M-Rex,
I had a long drawn out response to your posts. I realized, however, that you are one of "them" and you will never change your position becasue of that. My words would have been a waste. Take that for what ever you want, good, bad, or indifferent. I will leave it with my last few paragraphs which you and a whole lot of others should read.
For the appologists on here, perception is reality for those who perceive it. In other words, if the majority of society has come to perceive the police as corrupt JBTs, then the police are in fact corrupt JBTs, whether they are or not in your perception. A lot of people, I believe a majority, have had a change of heart about law enforcement in general. Whether you believe this is fair or justified is not relevant. It remains that it is our reality. This change was brought about by various actions of law enforcement to which we reacted with a negative perception of law enforcement officers to one degree or another. The mere fact that so many people feel this way should be a clue that not all is rosy in your profession. The degree to which this negative perception has grown varies from simple distrust, which is very widespread IMO, to full blown "hate cops wouldn't call 911 to save them if they were all dying". I don't think the latter is widespread and admittedly to go that far there are probably other issues at work as well like mental illness. Like I said though, go ask any number of people the simple question "do you trust cops?" and the answer will most often be "no". We are not "cop haters". We are simply responding to our perception of what we see.
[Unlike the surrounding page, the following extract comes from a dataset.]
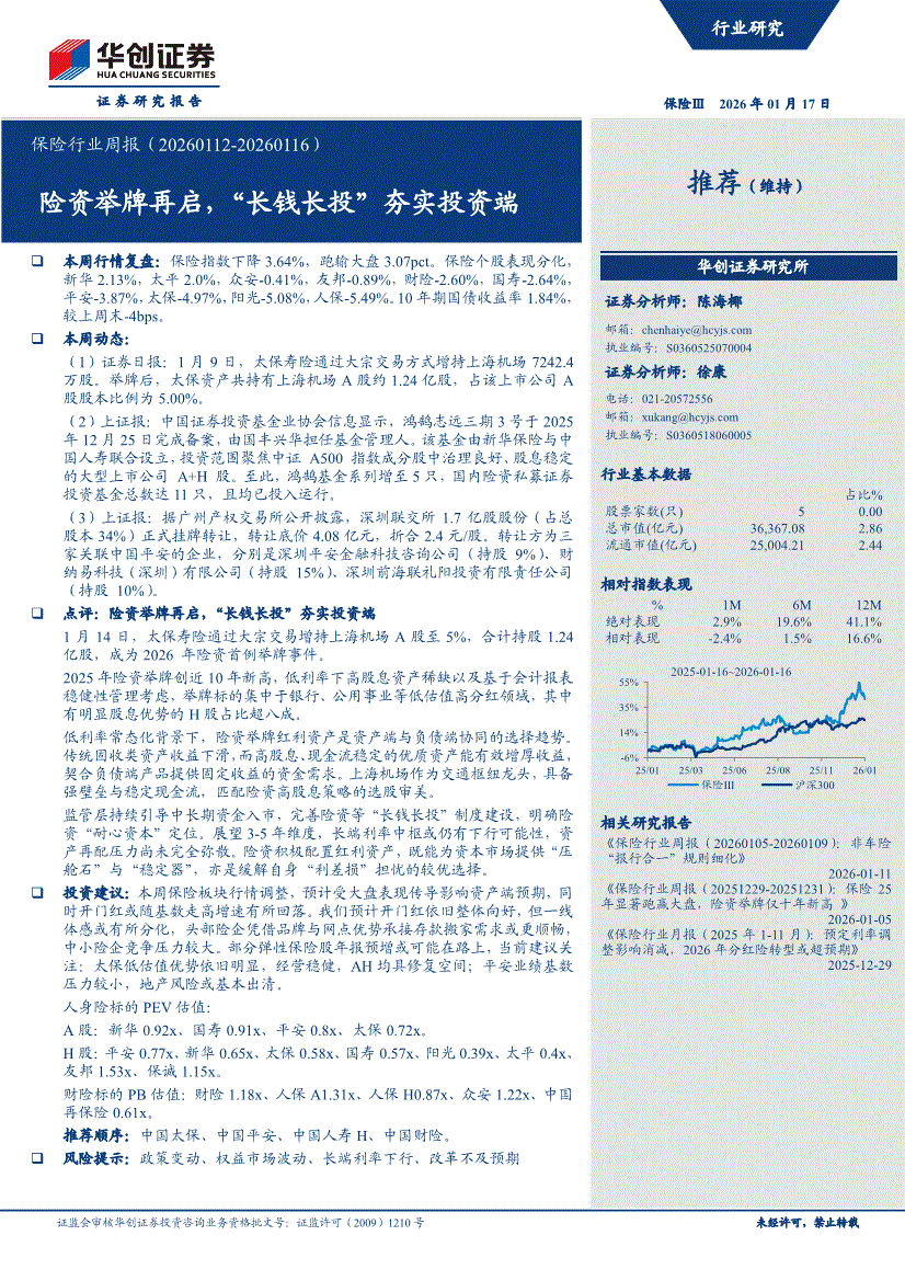 保险行业:华创证券-保险行业周报:险资举牌再启,“长钱长投”夯实投资端-260117

I realize most of what I have written is lost on the apologists. You who are apologists won't like this and will likely respond with the usual barage of attacks. Oh well. FWIW I recognize that law enforcement is both a necessary and difficult function in our society. I really wish things would improve. As I have said on numerous occasions before, the onus is on the police to improve society's pereption of them. We, the general public, will not simply wake up one day and forget what we have seen, heard, and experienced. It's going to take a lot of hard work and positive community relations. You can scream "cop hater" till you are blue in the face and it won't change a thing.
For those who really care about what could be done to improve things, which is probably not many, I'll list my opinions again about what law enforcement can do to fix this rift between "them and us". For starters get ahold of your unions. When someone commits a crime, like assaulting an AP reporter, it is not a labor relation issue. It's a criminal issue. Criminals should not be in law enforcement. Sending the union talking heads out in front of the cameras to defend them makes you all look bad. When you defend the indefensible you yourself become indefensible. Your unions political positions on things like gun control also hurt you badly. We stood united to fight for your 50 state CCW rights, where are your union leaders in our time of need? DO use your unions to stop your being used as political pawns and revenue generators. Do the right thing. I know, it really is harder than it looks. In this instance here several federal LEO's watched a NOPD officer assault a reporter with zero justifcation. An arrest should have been made on the spot. In another thread officers driving recklessly were only stopped after numerous 911 calls. How many patrol cars were passed that simply looked at the spectacle of lights and looked the other way?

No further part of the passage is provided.